(MATERIAL PROVIDED begins)
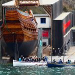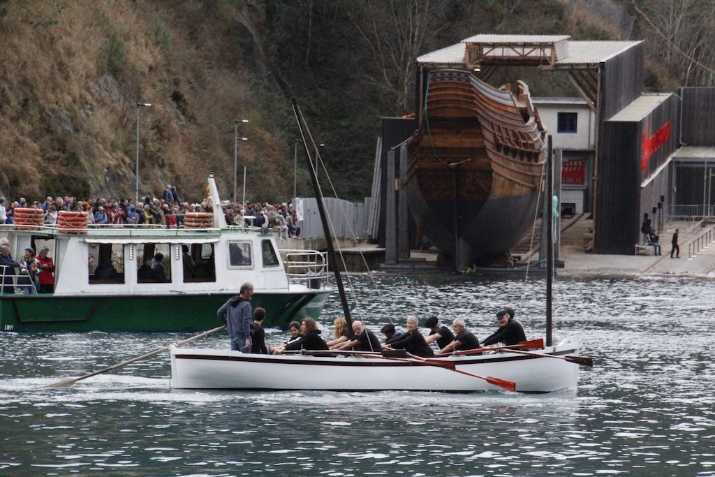 Varios miles de personas se han dado cita esta tarde a las orillas de la bahía de Pasaia para presenciar la botadura de la nao “San Juan”, convertida en uno de los grandes acontecimientos de los últimos años en las tierras de Gipuzkoa. La maniobra ha sido lenta en su deslizamiento por la grada del astillero de Albaola Itsas Kultur Faktoria con el madrinazgo de Caroline Marchand y una botella de sidra vasca.
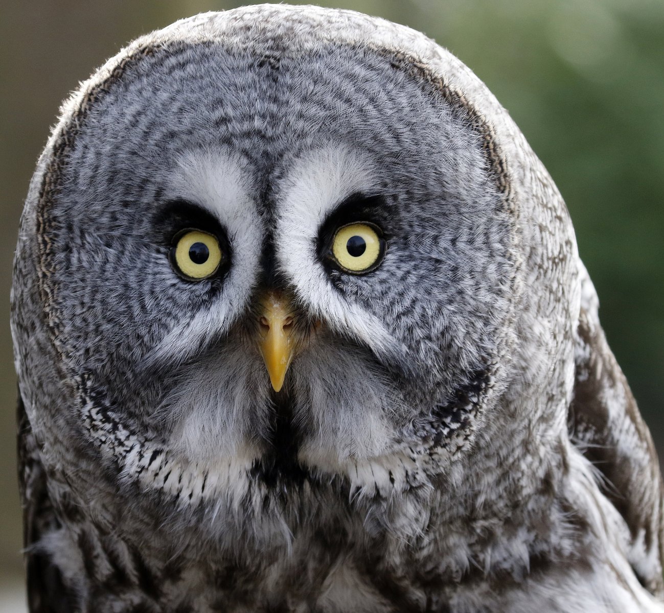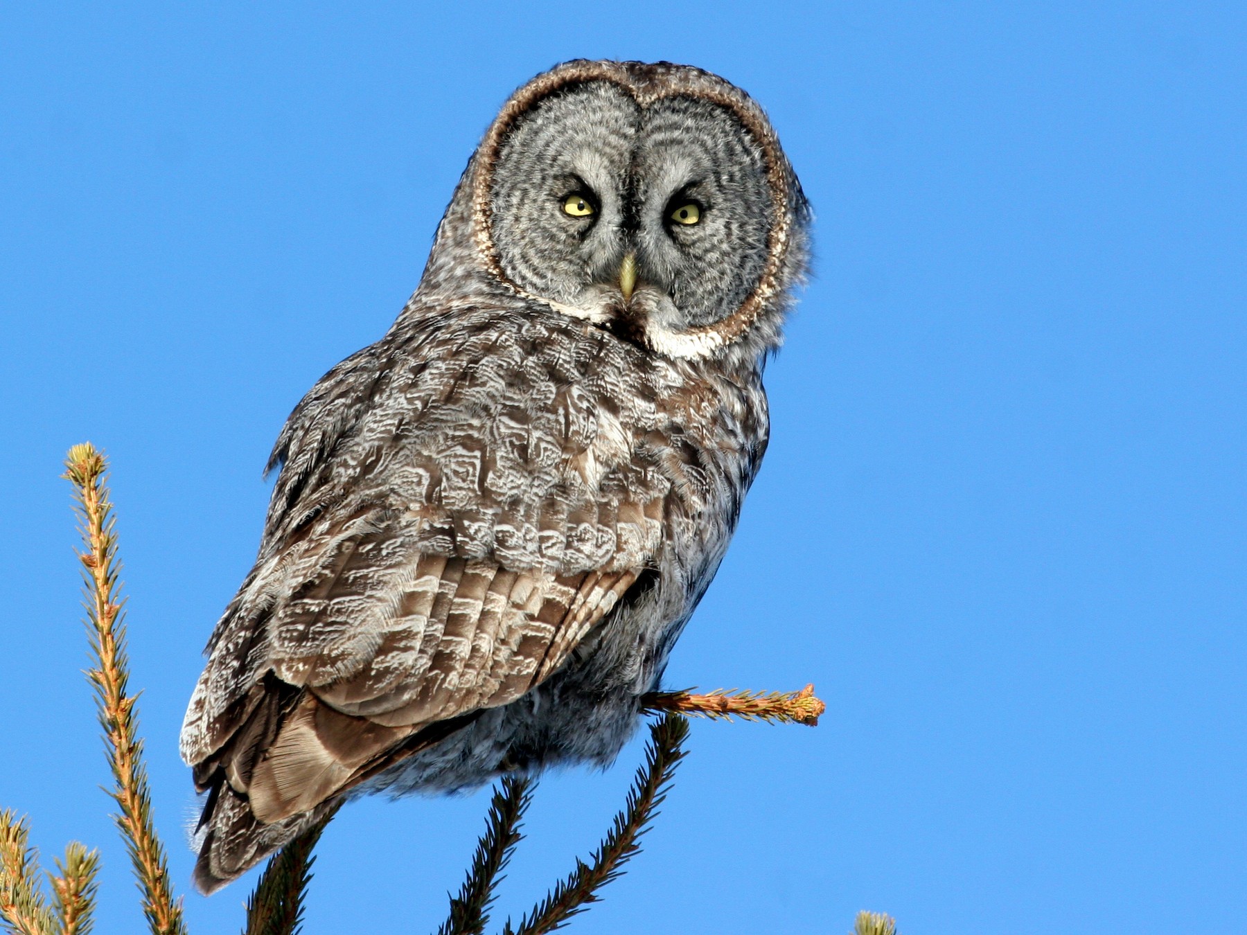 '큰회색올빼미'는 전체 길이 57~80cm의 대형 올빼미로, 특히 머리가 둥글고 커서 머리둘레가 51cm나 된다. 얼굴에는 여러 겹의 갈색 동심원 모양의 무늬가 보이며, 얼굴 크기에 비해 눈이 작아 보인다. 눈과 눈 사이에 X자로 난 흰 깃털이 눈에 띈다. 북미에서부터 유라시아 대륙의 삼림 지대에 널리 분포하며 땅다람쥐, 레밍 등을 포식한다. 얼어붙은 눈 밑의 사냥감도 발톱으로 파서 끌어내 포획할 수 있다.
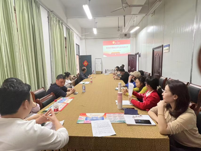 按照会议程序,梁业梅老师代表党支部委员会,向全体党员述职,报告了一年来支部党建工作情况,详细列举了取得的成绩,也陈述了存在的不足和今后的努力方向,并进行了个人述职。随后,全体党员分成三个小组,按照“四个对照”,围绕个人的政治、思想、学习、工作、能力、纪律、作风等方面进行自我批评,同时也对其他党员提出了批评意见。
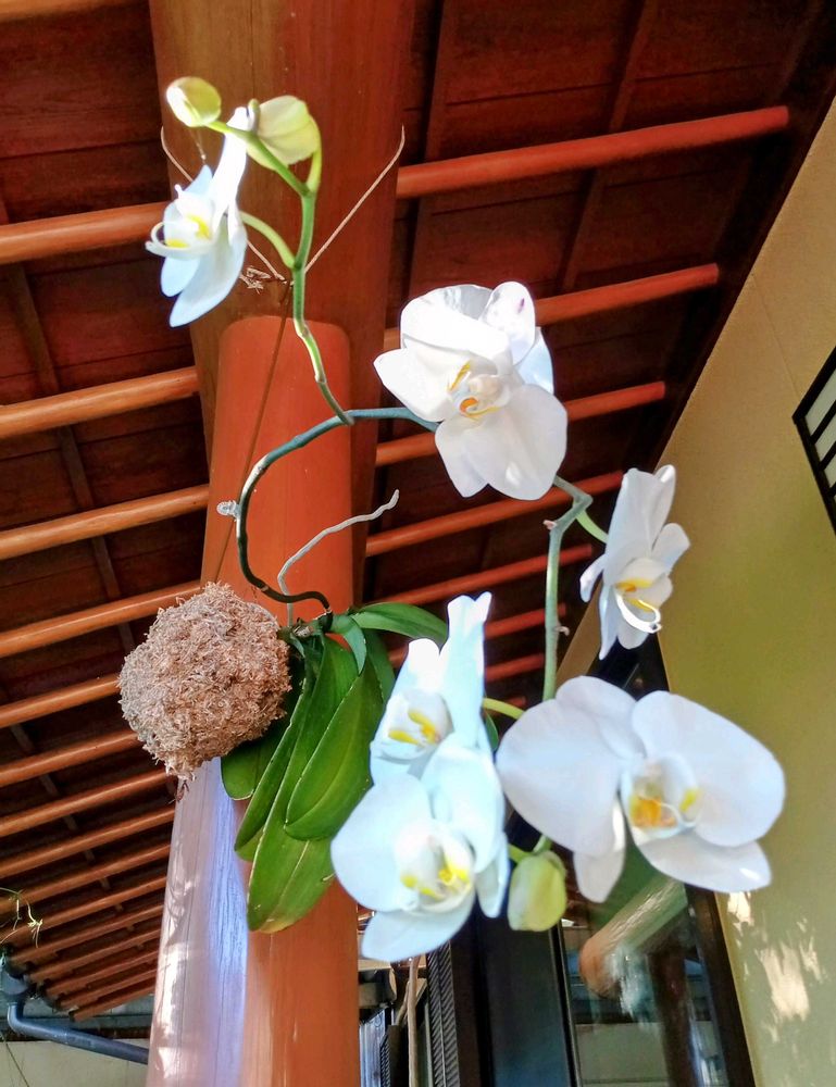 丈夫な胡蝶蘭だったみたいで(笑)水やりは庭先の池にドボン😂😂😂私のスパルタ栽培を経て、素晴らしい花を見せてくれました🌀⤴️⤴️⤴️
(MATERIAL PROVIDED ends)
=== HOW TO COMPLETE THIS TASK ===
Would you return the data above exactly as written, minus the images?

=== TASK ANSWER ===
 Varios miles de personas se han dado cita esta tarde a las orillas de la bahía de Pasaia para presenciar la botadura de la nao “San Juan”, convertida en uno de los grandes acontecimientos de los últimos años en las tierras de Gipuzkoa. La maniobra ha sido lenta en su deslizamiento por la grada del astillero de Albaola Itsas Kultur Faktoria con el madrinazgo de Caroline Marchand y una botella de sidra vasca.
 '큰회색올빼미'는 전체 길이 57~80cm의 대형 올빼미로, 특히 머리가 둥글고 커서 머리둘레가 51cm나 된다. 얼굴에는 여러 겹의 갈색 동심원 모양의 무늬가 보이며, 얼굴 크기에 비해 눈이 작아 보인다. 눈과 눈 사이에 X자로 난 흰 깃털이 눈에 띈다. 북미에서부터 유라시아 대륙의 삼림 지대에 널리 분포하며 땅다람쥐, 레밍 등을 포식한다. 얼어붙은 눈 밑의 사냥감도 발톱으로 파서 끌어내 포획할 수 있다.
 按照会议程序,梁业梅老师代表党支部委员会,向全体党员述职,报告了一年来支部党建工作情况,详细列举了取得的成绩,也陈述了存在的不足和今后的努力方向,并进行了个人述职。随后,全体党员分成三个小组,按照“四个对照”,围绕个人的政治、思想、学习、工作、能力、纪律、作风等方面进行自我批评,同时也对其他党员提出了批评意见。
 丈夫な胡蝶蘭だったみたいで(笑)水やりは庭先の池にドボン😂😂😂私のスパルタ栽培を経て、素晴らしい花を見せてくれました🌀⤴️⤴️⤴️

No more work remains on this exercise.